有机相纳滤溶剂传递机理的研究
发布时间:2019-02-17 15:18
【摘要】:纳滤是介于超滤与反渗透之间的一种膜分离技术,在水处理、食品、制药、化学等行业中已经有了广泛的应用。耐溶剂纳滤是把纳滤过程引入到了有机相当中。随着高稳定性、性能突出的耐溶剂纳滤膜的制备开发,对耐溶剂纳滤膜传质过程的研究得到了越来越多的关注。与传统的纳滤过程相比,由于膜、溶剂、溶质三元体系间复杂的相互作用,耐溶剂纳滤传质过程比较复杂。而且对耐溶剂膜的传质过程研究尚不透彻,比如溶剂/溶质透过膜的过程是靠粘性流还是扩散,至今没有一个定论。目前的传递模型有不同的缺陷,且没有普适性比较好的模型,这无疑阻碍了耐溶剂纳滤的实际应用。因此对耐溶剂纳滤传质机理的应用是目前一个比较热门的研究领域。本文首先研究了甲醇、乙醇、甲苯、丙酮等一系列纯溶剂通过耐溶剂纳滤膜的过程,考虑到溶剂的通量与溶剂的性质、膜的性质关系比较大,采用相关性分析的方法对它们之间的关系进行了分析。发现溶剂通量与溶剂的黏度、介电常数关系比较大,同时与溶剂/膜之间的溶解度参数差和表面张力差关系也比较大。基于这些研究结论,建立了一个基于不完全溶解扩散模型的半经验模型,该模型的适用性在一系列溶剂中都都得到了验证。本文系统地研究了耐溶剂纳滤膜用于分离二元溶剂混合物地可行性。选取了在介电常数、表面张力、Hansen溶解度参数、黏度不同的二元溶剂体系,并用单因素分析的方法来考察不同的商用耐溶剂纳滤膜(MPFTM系歹、StarMemTM系列、DuraMemTM系列)对于这一系列溶剂的分离效果。发现DuraMemTM 150对于乙醇/正己烷体系的分离因子高达6左右,这是目前耐溶剂纳滤领域对于容积分离发现的最好地结果。对有分离效果的体系进行了深入的考察,发现溶剂优先通过地现象主要取决于膜的类型、以及膜一溶剂之间的Hans en溶解度参数差和极性差。并第一次提出了耐溶剂纳滤膜用于溶剂分离的一些基本假设。本文基于传统的溶解一扩散模型,提出了一个专门用于描述耐溶剂纳滤溶剂分离过程的经验模型。本模型主要包含两个参数:Hans en溶解度参数和介电常数。

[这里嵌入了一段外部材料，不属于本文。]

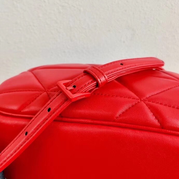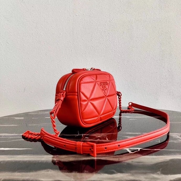Characterized by the geometric stitched design, quilted nappa leather adds a romantic touch to the design of this Camera bag from Prada. The accessory is decorated with a metal logo.
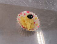 ![]() 上に黒豆をトッピングして栗なしきんとん 完成! |
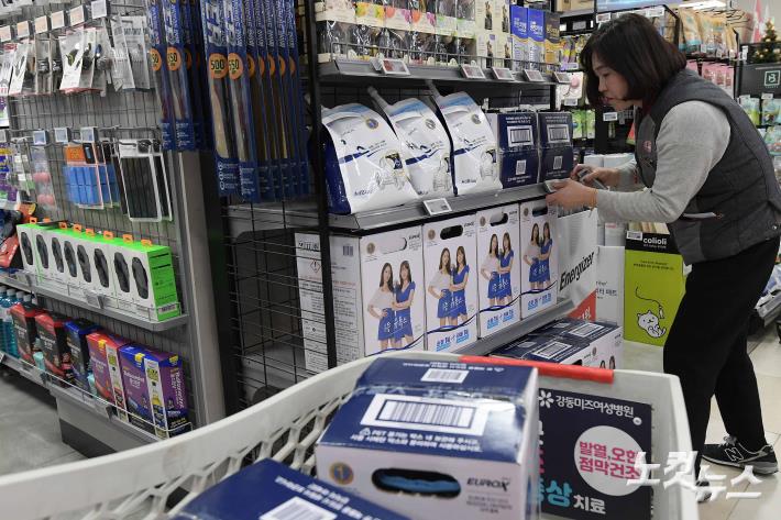 6일 서울 송파구 롯데마트 월드타워점에서 직원이 요소수를 진열하고 있다. 중국 통관이 한국에 대한 차량용 요소 수출을 지연시키는 가운데 비료 원료인 요소의 주요 수출국인 중국이 내년도 수출량을 올해 대비 70% 이상 줄이고, 또 내년 1분기까지 수출을 전면 제한하기로 한 것으로 전해져 수급 불안이 커지고 있다.
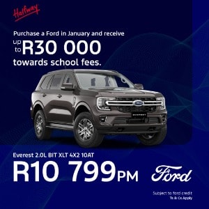 Start the school year with ultimate peace of mind. When you purchase a Ford Everest this January, you can receive up to R30,000 towards school fees. We believe in providing a vehicle that protects your family on the road while helping you invest in their future in the classroom.
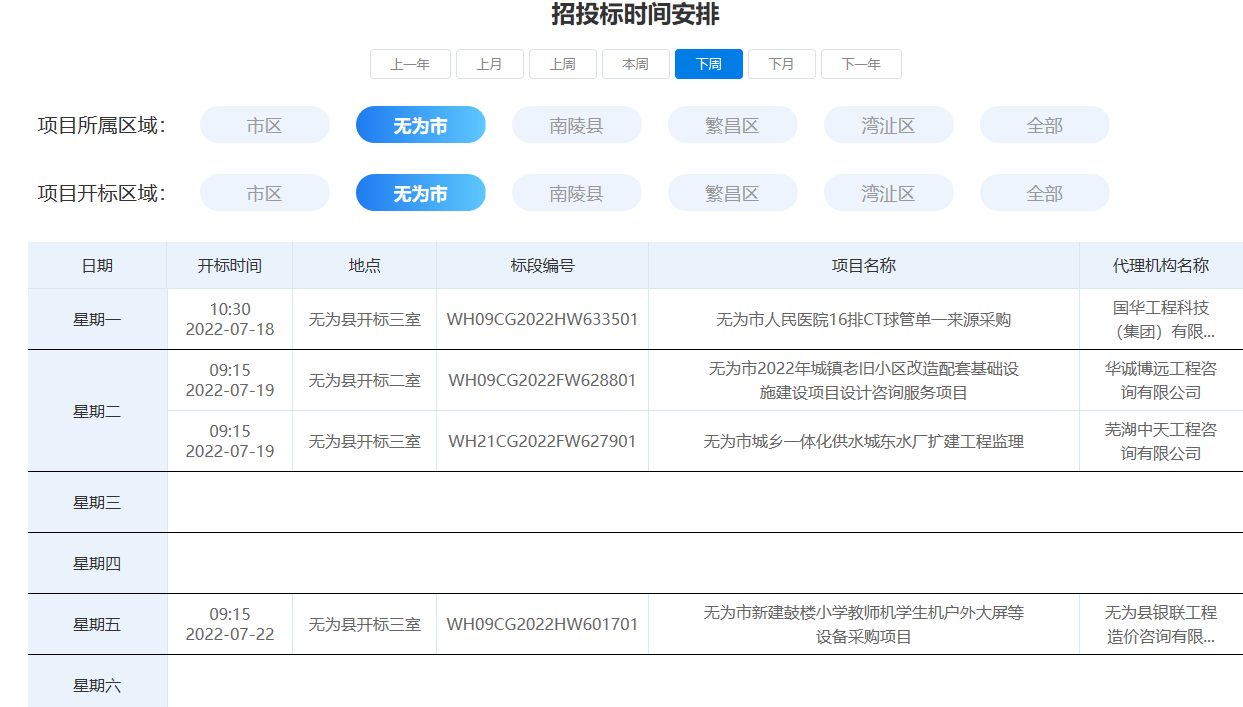 无为市项目一周安排表(2022年7月18日-2022年7月24日)
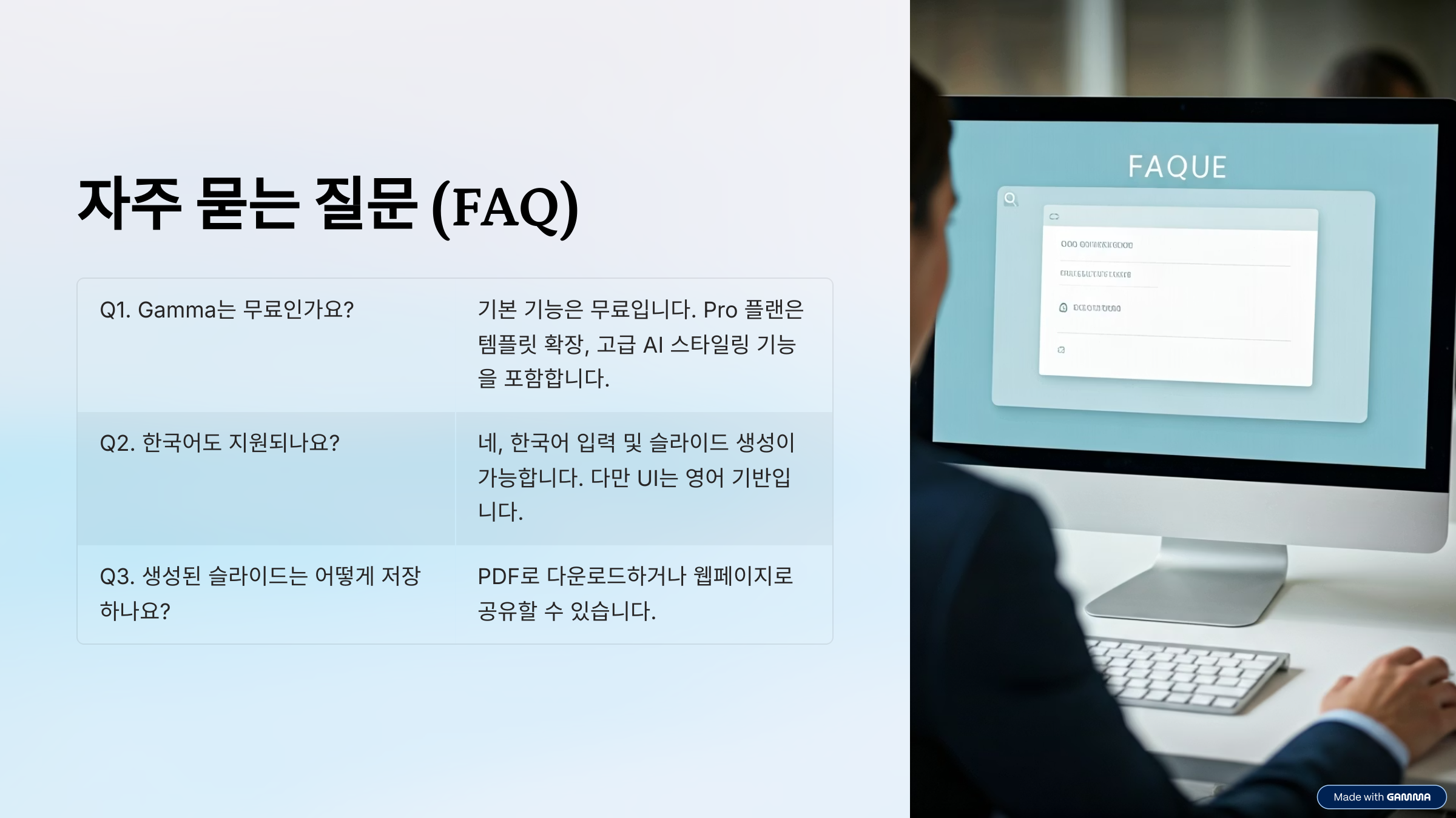- 지금 Gamma 무료 계정을 생성하고 프레젠테이션을 자동으로 만들어보세요!

可以较好的用来描述一些致密性膜如DuraMemTM 150,200,300和MPF-44对二元溶剂的分离现象。而对于疏松膜如DuraMemTM 500 和 DuraMemTM 900的描述效果则比较差,这和该模型的假设是一致的。该模型提供了一种理解耐溶剂纳滤膜用于二元溶剂分离的新思路,为该领域进一步的研究工作打开了一个良好的突破口。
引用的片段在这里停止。